Партизаны напились чаю и вновь ушли. Мне стало вдруг легче. Я спустился с кровати, присел у окна на лавку. За окном сиял удивительный, полный красоты и света мир. На ёлке сидела сиреневая ворона.

Вскоре мы узнали, что Гриша — подрывник, награждён орденом. А потом кто-то из партизан сказал, что Гриша погиб на железной дороге.

БАЛАЛАЙКА

В середине зимы всё чаще стали появляться каратели. Они шли в пешем строю, ехали на санях и грузовых машинах. Одеты фашисты были по-зимнему: на ногах — русские валенки, на руках — деревенские рукавицы, поверх шинелей — овчинные полушубки, под каской — подшлемник и треух…

Выходить из дома было страшно, мы с Серёгой с утра до вечера сидели на печи. Мороз покрыл окна инеем, сквозь иней с трудом пробивался свет, даже днём в комнатах было сумрачно. Я продышал на стекле «пятачок», но ничего интересного не увидел: всё вокруг заслонили сугробы.
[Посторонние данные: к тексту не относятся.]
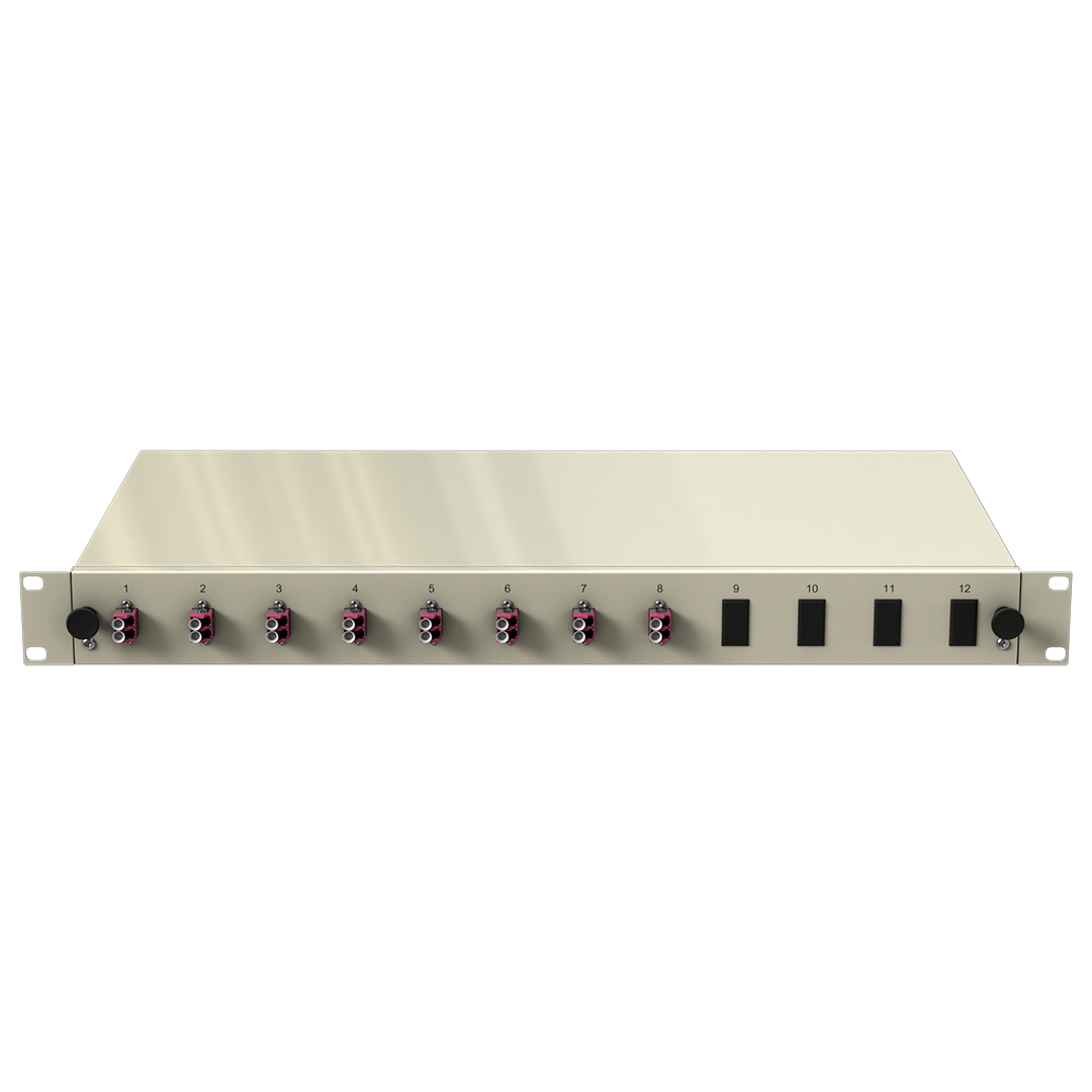 - Frontplatte: 19" (483mm) mit montierten LC duplex Kupplungen
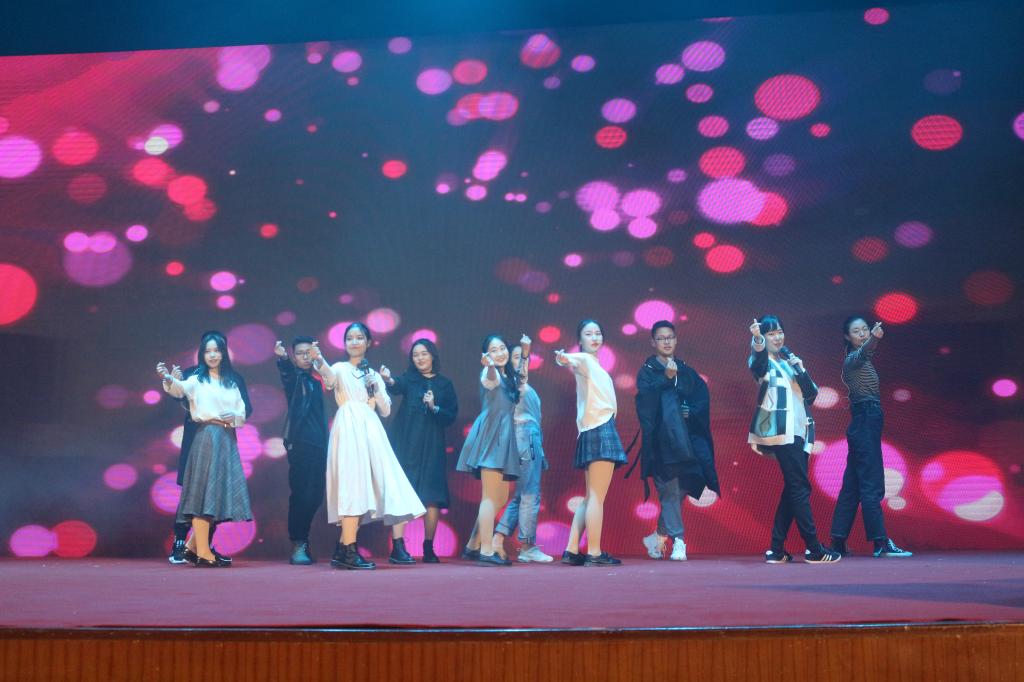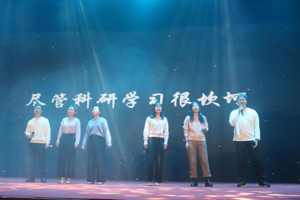 第二个节目是19级学术研究生带来的集体节目《学研政青春》。舞台的帷幕缓缓拉开,19级学术研究生带着自信洋溢的笑容,心怀希望,挥洒着青年人的活力与热情,展现着对待研究生生活的态度。整齐划一的舞蹈动作以及对歌词独具匠心的改写,正是19级学术研究生们对待生活、学术的热情态度和自信心境。听,他们在说:我们面对困难不服输、面对生活不低头!

Не зная куда себя деть, мы с братом погибали от скуки. И тут я нашёл балалайку, на которой когда-то играл наш отец. Инструмент был старый, работы не очень умелого мастера, без единой струны. Балалайка лежала в чулане, там же я взял моток тонкой стальной проволоки. Мать помогла натянуть струны, и инструмент ожил.

Сначала, правда, никакой музыки у меня не получалось, балалайка то гремела, то пищала по-комариному, то начинала тарахтеть, будто жестяной чайник. Я в кровь разбил пальцы, но всё же добился своего: научился играть плясовую.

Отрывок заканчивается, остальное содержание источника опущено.